In den meisten Teilen der Welt haben die Menschen keine besonders guten Erinnerungen an das erste Jahrzehnt dieses Jahrhunderts, viele Brasilianer schon. Es war die Zeit, als der charismatische Favela-Sohn Luiz Inácio „Lula“ da Silva Präsident und der fantastische Sänger Gilberto Gil Kulturminister war. Zum ersten Mal in der Geschichte hatte praktisch die gesamte Bevölkerung zu essen, während die Wirtschaft boomte. Damals schien es, als wäre ein Schlussstrich unter eine düstere Vergangenheit gezogen worden. Viele Bewohner dieses Landes sagen das lieber in einem spirituellen Vokabular: In der Lula-Ära schien das schlechte Karma überwunden zu sein. Schlechtes Karma: Man denke an die Militärdiktatur (1964-1985), die Todesschwadronen, die Drogenkriege und die Disharmonie in diesem großartigen Land, „Deutschland im Süden, Nigeria im Norden“.
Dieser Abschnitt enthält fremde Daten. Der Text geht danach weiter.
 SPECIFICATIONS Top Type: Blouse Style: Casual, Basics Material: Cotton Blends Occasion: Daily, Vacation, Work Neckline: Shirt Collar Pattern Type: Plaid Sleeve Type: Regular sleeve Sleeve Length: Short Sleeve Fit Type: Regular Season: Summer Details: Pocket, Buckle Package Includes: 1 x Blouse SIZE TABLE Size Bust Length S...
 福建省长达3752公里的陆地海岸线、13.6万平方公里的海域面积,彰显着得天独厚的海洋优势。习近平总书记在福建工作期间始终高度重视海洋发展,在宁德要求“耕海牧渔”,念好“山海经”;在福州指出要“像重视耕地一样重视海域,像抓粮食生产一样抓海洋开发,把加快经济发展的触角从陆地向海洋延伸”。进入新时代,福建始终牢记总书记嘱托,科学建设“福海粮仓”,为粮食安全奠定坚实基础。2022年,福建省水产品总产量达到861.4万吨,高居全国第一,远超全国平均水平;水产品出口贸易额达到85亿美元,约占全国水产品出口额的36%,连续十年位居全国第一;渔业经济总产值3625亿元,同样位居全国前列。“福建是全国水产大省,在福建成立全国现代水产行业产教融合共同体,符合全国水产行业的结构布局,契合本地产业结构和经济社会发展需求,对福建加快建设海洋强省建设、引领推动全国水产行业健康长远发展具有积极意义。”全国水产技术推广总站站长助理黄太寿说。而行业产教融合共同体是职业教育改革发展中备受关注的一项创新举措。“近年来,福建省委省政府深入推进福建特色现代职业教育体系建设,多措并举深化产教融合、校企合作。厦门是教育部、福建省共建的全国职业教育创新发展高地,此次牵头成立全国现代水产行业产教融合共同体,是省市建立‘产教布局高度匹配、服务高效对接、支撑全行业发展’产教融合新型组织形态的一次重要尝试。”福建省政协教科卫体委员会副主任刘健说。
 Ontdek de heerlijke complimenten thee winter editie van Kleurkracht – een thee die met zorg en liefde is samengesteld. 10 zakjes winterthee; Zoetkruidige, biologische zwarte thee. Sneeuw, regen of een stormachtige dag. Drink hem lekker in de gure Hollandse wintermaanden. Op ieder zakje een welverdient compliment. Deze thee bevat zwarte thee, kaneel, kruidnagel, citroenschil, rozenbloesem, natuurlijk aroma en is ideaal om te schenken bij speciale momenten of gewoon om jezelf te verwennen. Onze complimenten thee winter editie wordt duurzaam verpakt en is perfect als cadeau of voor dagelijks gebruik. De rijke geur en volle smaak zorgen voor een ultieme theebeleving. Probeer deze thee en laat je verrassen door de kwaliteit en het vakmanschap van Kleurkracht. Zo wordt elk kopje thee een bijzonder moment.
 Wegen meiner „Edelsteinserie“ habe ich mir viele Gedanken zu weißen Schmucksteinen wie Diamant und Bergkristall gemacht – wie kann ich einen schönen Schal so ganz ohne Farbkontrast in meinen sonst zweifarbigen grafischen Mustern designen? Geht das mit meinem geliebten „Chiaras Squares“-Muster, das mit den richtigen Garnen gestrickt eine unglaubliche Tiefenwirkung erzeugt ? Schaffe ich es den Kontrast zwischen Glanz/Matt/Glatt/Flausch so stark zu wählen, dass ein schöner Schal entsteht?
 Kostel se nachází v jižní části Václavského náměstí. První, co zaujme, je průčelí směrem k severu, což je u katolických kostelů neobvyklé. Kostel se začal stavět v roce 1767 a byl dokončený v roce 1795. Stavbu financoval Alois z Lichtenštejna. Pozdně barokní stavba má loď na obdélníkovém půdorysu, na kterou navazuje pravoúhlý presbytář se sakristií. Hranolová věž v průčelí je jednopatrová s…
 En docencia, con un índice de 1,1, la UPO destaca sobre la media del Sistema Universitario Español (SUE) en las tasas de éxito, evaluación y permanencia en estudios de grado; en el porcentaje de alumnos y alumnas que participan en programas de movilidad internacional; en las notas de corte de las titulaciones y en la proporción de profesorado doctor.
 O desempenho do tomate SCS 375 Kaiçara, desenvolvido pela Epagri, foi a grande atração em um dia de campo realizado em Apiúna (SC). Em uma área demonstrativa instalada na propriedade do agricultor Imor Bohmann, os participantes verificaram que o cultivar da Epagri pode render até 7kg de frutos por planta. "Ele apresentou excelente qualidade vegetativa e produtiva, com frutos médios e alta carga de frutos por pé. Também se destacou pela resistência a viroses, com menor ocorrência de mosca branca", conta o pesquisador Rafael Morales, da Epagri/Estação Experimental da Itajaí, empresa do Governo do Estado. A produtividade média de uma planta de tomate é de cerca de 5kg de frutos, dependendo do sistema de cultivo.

Dieses Land brachte nur einen Präsidenten hervor, der nach zwei Amtszeiten mit 83 Prozent Zustimmung rechnen konnte, Lula da Silva, Ex-Schuhputzer, Ex-Straßenverkäufer, Ex-Fabrikarbeiter. Zuerst führte er die Stahlarbeiter, dann die Arbeiterpartei (PT), schließlich ganz Brasilien. Angenommen, am 31. Dezember 2010 hätte einer der vielen professionellen Kaffeekannen in diesem Land Lulas letzten Tag im Präsidentenpalast vorhergesagt: Lula kommt ins Gefängnis, ein Psychopath kommt an die Macht und eine Pandemie erfasst Brasilien wird 700.000 töten – eine solche Person wurde als falscher Untergangsprophet bezeichnet. Der Rückschlag war so schockierend, dass einige Kommentatoren zu dem Schluss kamen, dass das Schöne in diesem Land immer schöner und das Schlechte immer schlechter ist.
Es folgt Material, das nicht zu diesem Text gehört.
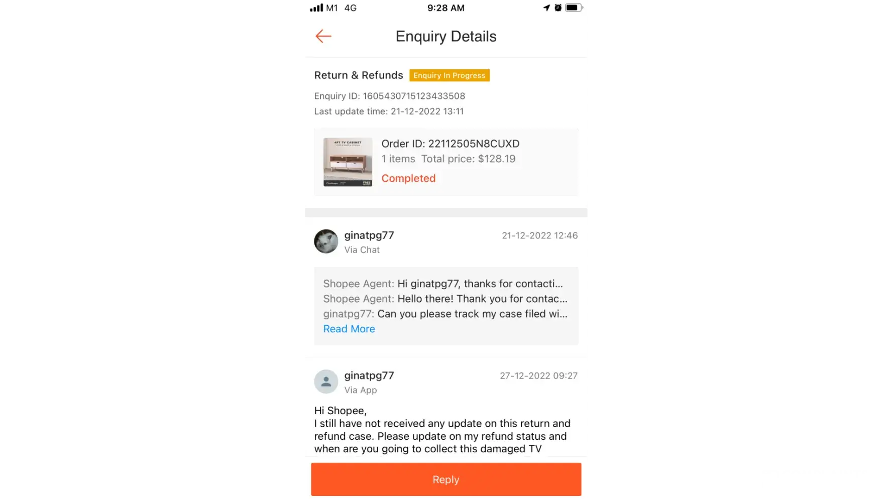 I contacted Shopee and have also mentioned that this is a big size item, a TV console. CS assisted to arrange the rubbish Ninja Van (a logistic company) to pick up on 16 Dec 2022, but again no show and no call after waiting from noon to 10:00 P.M. (I have to apply urgent leave to wait for the pick up)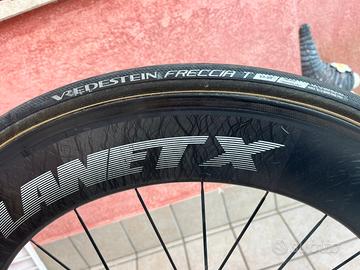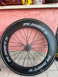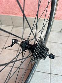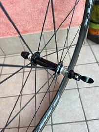 Ruote freni rim in carbonio con profilo anteriore 50 e posteriore 80 , poco usate senza un graffio super leggere e scorrevoli . Piste frenanti ottime nessun difetto. Per freni rim brake. Montano tubolari da 23 ma adatta anche a 25 o piu’. Corpetto shimano 11v adesso monta 10v con spessore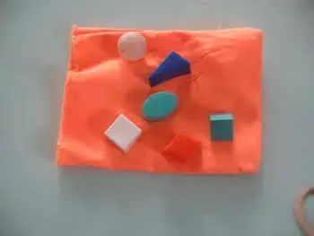 Цель: учить детей на ощупь определять геометрическую фигуру, развивать органы чувств (осязание).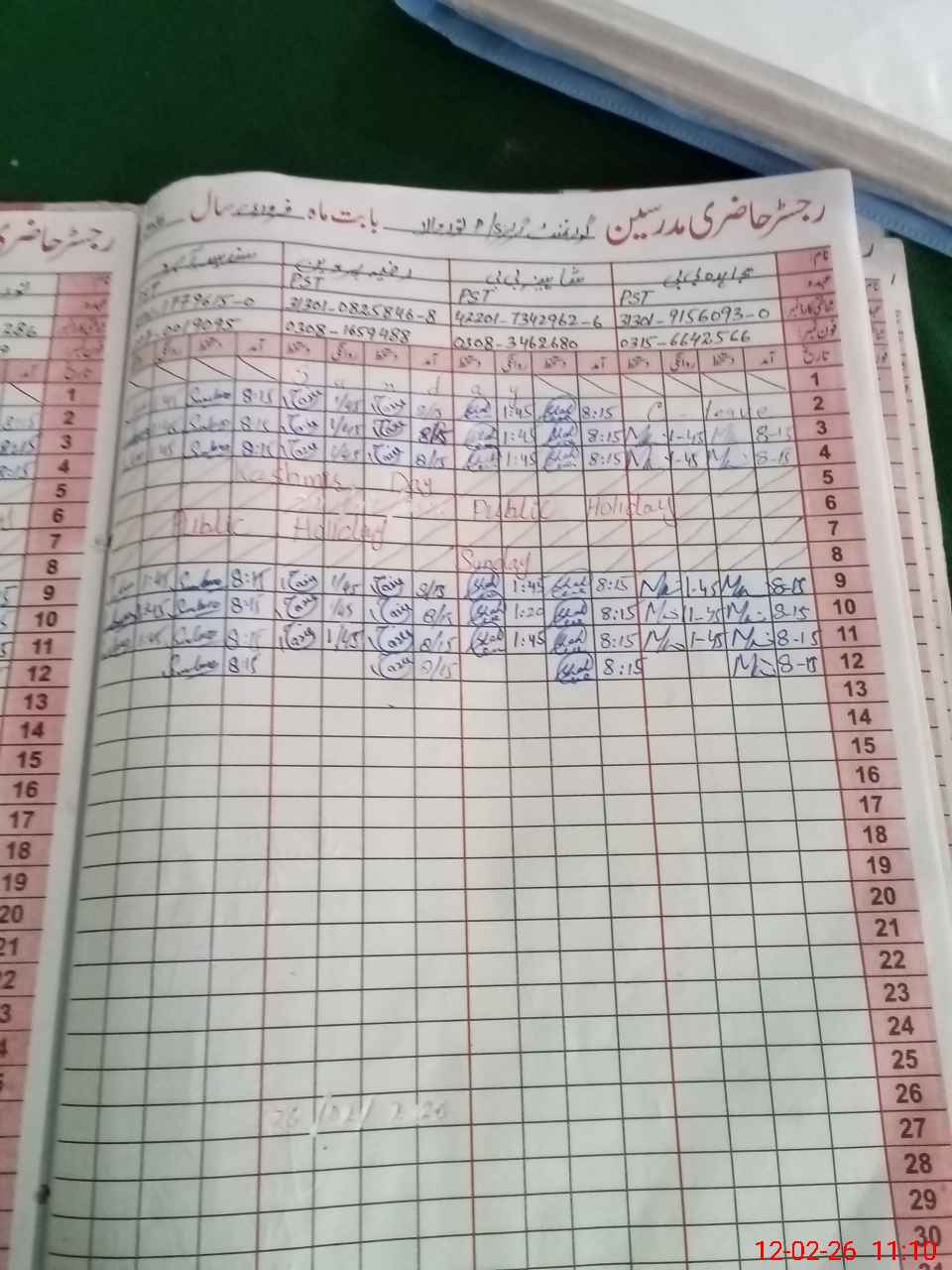 | Name: Sh**** Bi**** Designation: (School Headmaster's/Headmistress's) PST Phone/Cell Number: 03**** |

Politischer Straßenkämpfer

Diejenigen, die Fatalismus nicht mögen, können argumentieren, dass Lulas Erfolg im ersten Jahrzehnt dieses Jahrhunderts ein Element enthielt, das zu seinem Untergang im zweiten zurückkehrte: dass er mit „Deals“ so leicht geworden war. Nachdem er in den 1990er Jahren dreimal bei Wahlen gescheitert war, kam dieser politische Straßenkämpfer zu dem Schluss, dass er Bündnisse und Allianzen bilden und nach Geschäften greifen musste.
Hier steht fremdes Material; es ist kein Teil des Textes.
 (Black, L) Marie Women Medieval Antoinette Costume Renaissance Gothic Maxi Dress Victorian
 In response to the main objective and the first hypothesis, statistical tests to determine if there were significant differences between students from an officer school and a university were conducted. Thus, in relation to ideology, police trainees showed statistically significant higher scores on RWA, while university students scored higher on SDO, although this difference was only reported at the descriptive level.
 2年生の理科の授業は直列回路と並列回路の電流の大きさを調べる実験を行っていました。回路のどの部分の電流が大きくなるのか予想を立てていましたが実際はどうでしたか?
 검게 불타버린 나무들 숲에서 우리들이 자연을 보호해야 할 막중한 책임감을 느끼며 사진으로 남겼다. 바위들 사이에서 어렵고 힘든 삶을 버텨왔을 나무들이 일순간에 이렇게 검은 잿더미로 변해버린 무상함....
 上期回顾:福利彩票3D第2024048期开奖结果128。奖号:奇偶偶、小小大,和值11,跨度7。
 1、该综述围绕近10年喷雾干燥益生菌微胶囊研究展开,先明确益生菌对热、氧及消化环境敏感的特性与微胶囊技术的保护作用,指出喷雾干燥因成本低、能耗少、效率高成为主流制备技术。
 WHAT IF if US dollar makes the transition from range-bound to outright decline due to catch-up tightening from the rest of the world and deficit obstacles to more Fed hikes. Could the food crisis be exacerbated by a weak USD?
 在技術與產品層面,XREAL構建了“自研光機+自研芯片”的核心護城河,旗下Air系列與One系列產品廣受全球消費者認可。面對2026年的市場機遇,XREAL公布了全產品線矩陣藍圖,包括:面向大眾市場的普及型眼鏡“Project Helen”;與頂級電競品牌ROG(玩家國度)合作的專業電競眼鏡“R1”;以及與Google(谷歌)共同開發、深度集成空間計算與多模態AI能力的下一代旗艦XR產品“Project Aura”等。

Lula erwies sich als äußerst kompetent in der Kunst des Laichens und Freunde finden nach dem „gut genug“-Prinzip. In Brasilien Politik zu machen, ohne Korruption zu begehen, ist wie durch die Sahara zu fahren, ohne das Auto schmutzig zu machen. Aber was die Führer von Lulas PT in den Jahren, in denen sie sich für unantastbar hielten, in die Taschen steckten, erstaunten selbst überzeugte Anhänger. Brasiliens rechter „tiefer Staat“, ein hartnäckiges Überbleibsel der Militärjahre, riecht nach Gelegenheit. Die Operation Car Wash (Lava Jato) begann 2014. Viele Richter hatten Autos, die genauso schmutzig waren wie die, die sie verklagt hatten, aber sie brachten Lula 2018 hinter Gitter. Wäre das gescheitert, hätte der psychopathische Ex-Offizier Jair Bolsonaro die Wahl in jenem Jahr nie gewonnen.

Rache

Letztlich scheiterte die gerichtliche Vergeltung gegen Lula an Fahrlässigkeit. Im April 2021 wurden die Anklagen aufgehoben. Die Zahl der Covid-Toten hatte inzwischen eine halbe Million überschritten, es gab wieder Brasilianer, die hungerten. Bei der Wahl 2022 gewann Lula nicht 83, sondern 50,8 Prozent – ​​49,1 Prozent stimmten für den Psychopathen, der Chaos anrichtet. In seiner Siegesrede rief Lula zu „Frieden und Einheit“ auf. Aber wenn ein Adjektiv schlecht zu dem passt, was man „Bolsonarismus“ nennt, dann ist es „versöhnlich“.

Objekte können Bände sprechen. In den letzten Wochen trugen Lula-Anhänger Mützen mit dem Slogan „Make Brazil 2002 again“. Nennen Sie es einen Ausdruck jenes unübersetzbaren Gefühls, das die Bewohner dieses Landes immer wieder überwältigt, saudade – es hat mit Sehnsucht, Heimweh, Melancholie und Melancholie zu tun, aber es umfasst mehr und geht tiefer.